I’ve been meaning to mention something for the past week. Now that we’ve finished some work on our “print product,” I have a moment to say: you need to read this special report published by the Morning News and helmed by its architecture critic, Mark Lamster. “Reinventing Dealey Plaza” is a major piece of civic journalism that deserves lots of attention and maybe even a community presentation and panel discussion at 6:30 p.m. on Tuesday, November 15, at the Sixth Floor Museum (sign up here).

Major aside that I almost certainly should have resisted the urge to include: I wasn’t sure how best to share the report with you. The News just reported its dismal third-quarter results, and they indicate a dwindling number of you will encounter the printed Arts & Life version of Lamster’s work. The paper lost $2.6 million in the three-month period that ended September 30, on revenue of $37.7 million.
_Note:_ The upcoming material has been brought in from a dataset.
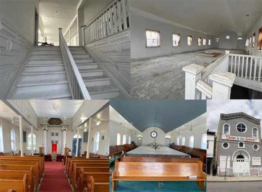 I was not able to enter the shuttered former synagogue, but fortunately there are plenty of photos available on Zillow and MLS showing the sanctuary virtually unchanged since its last Jewish service. The women’s balcony wraps around the sanctuary where men sat. One can imagine immigrant crowds from Eastern Europe walking up these creaking wooden steps in the first 63 years of this building.

Revenue from digital-only subscribers rose by $1 million, but print subscription revenue dropped $900,000. The paper has 144,631 total subscribers, adding in the third quarter 1,484 digital subscribers but losing 2,918 print subscribers. Anyway, “Reinventing Dealey Plaza” lies behind a paywall. This is one of the reasons you should subscribe to the paper if you can afford it.

Still with me? Here’s how Lamster begins his report:

“The time has come for Dallas to redesign Dealey Plaza and the Triple Underpass, which together represent one of the city’s most profound urban failings.